__EXERCISE GOAL__: Starting at the line with "Kadın Alian Beli" and ending at the line with "Top a serafino", print exactly the lines of the entries below. Pictures do not belong in the copy.

__AVAILABLE DATA__:
Start of Block

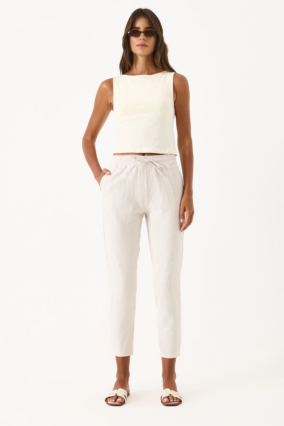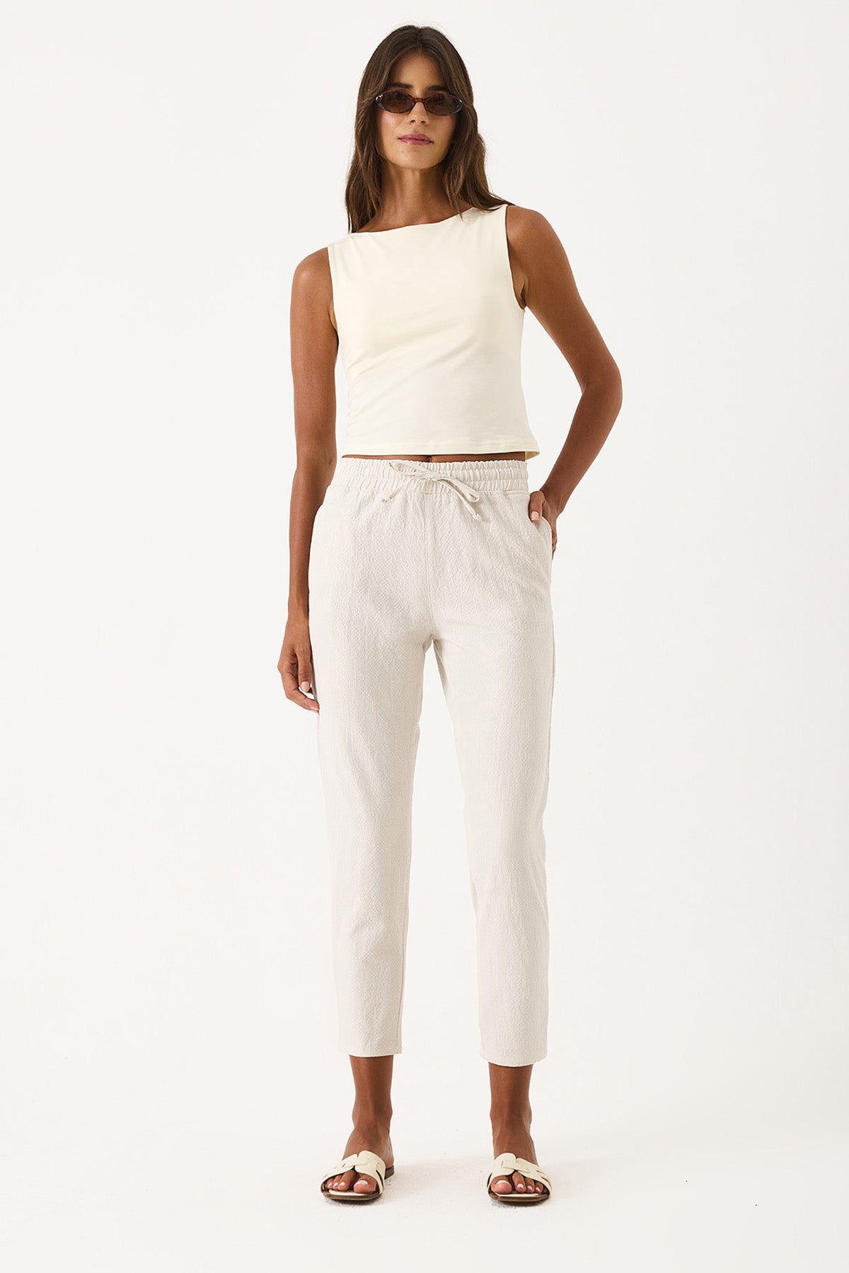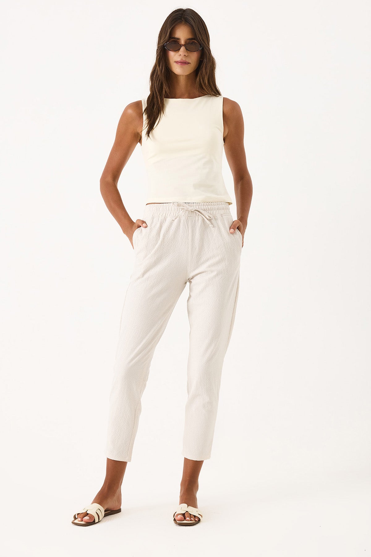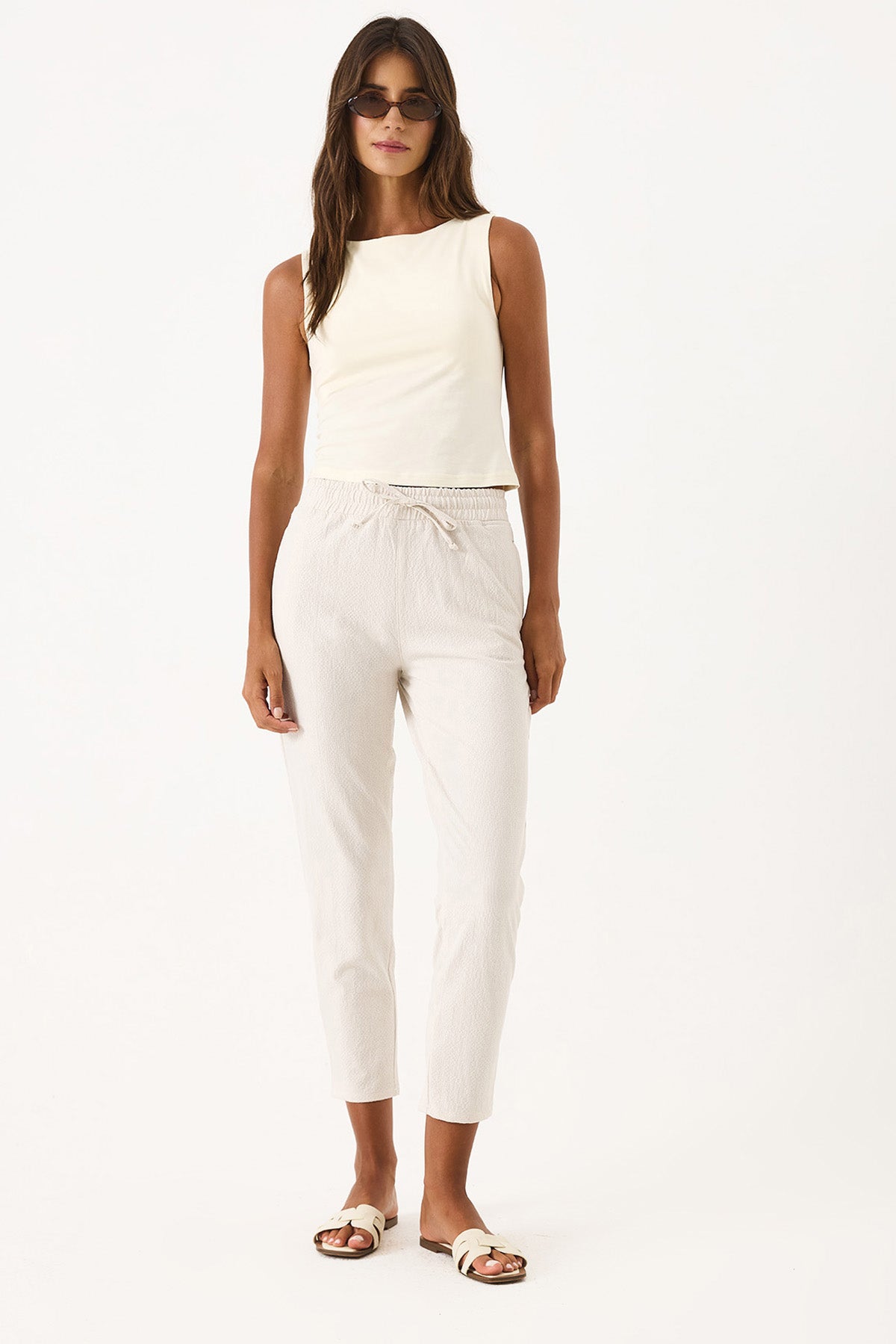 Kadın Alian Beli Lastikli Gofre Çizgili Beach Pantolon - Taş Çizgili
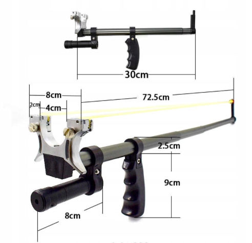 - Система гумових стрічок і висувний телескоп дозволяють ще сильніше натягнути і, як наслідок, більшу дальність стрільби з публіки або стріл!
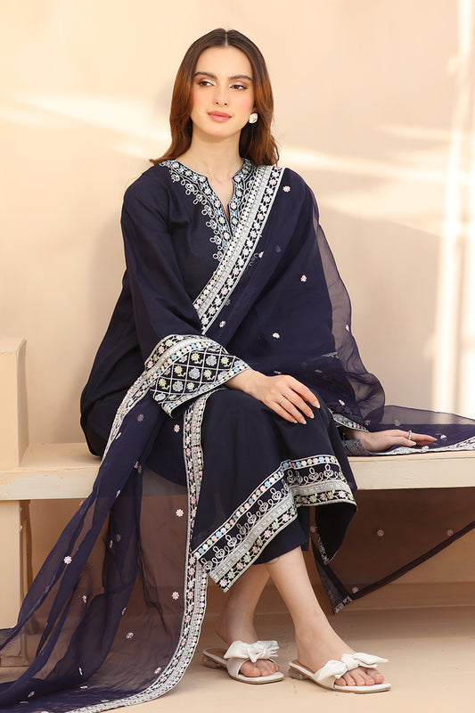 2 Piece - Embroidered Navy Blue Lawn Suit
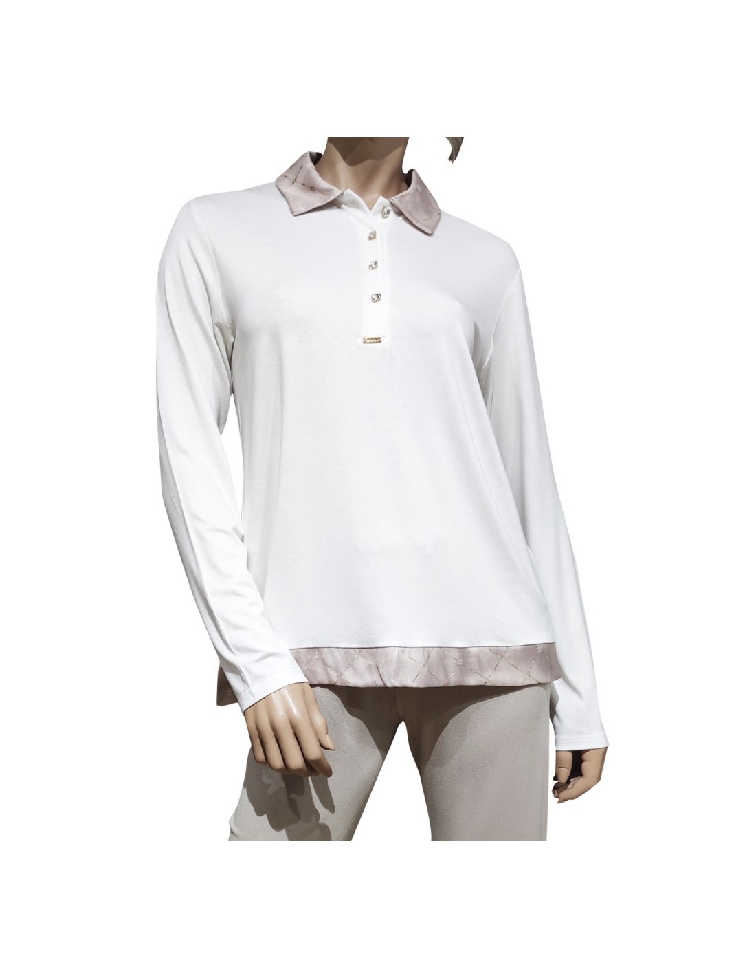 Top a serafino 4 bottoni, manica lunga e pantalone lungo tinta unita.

End of Block
Start of Block

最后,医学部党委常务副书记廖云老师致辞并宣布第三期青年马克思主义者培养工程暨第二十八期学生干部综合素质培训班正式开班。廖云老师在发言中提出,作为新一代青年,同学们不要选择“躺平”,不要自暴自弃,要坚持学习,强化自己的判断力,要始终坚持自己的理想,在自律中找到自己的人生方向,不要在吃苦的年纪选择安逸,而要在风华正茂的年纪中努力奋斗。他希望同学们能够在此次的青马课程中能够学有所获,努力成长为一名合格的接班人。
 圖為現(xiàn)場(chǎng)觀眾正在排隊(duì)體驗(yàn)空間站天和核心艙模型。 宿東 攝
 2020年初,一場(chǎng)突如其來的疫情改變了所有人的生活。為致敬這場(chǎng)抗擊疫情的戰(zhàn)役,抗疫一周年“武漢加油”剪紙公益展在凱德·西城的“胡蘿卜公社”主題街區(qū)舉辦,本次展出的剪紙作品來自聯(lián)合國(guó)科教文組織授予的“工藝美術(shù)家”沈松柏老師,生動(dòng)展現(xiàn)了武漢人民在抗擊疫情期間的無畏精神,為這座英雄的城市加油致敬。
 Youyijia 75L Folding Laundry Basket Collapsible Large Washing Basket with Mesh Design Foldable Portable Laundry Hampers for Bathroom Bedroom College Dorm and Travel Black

End of Block

__TASK RESULT__:
 Kadın Alian Beli Lastikli Gofre Çizgili Beach Pantolon - Taş Çizgili
 - Система гумових стрічок і висувний телескоп дозволяють ще сильніше натягнути і, як наслідок, більшу дальність стрільби з публіки або стріл!
 2 Piece - Embroidered Navy Blue Lawn Suit
 Top a serafino 4 bottoni, manica lunga e pantalone lungo tinta unita.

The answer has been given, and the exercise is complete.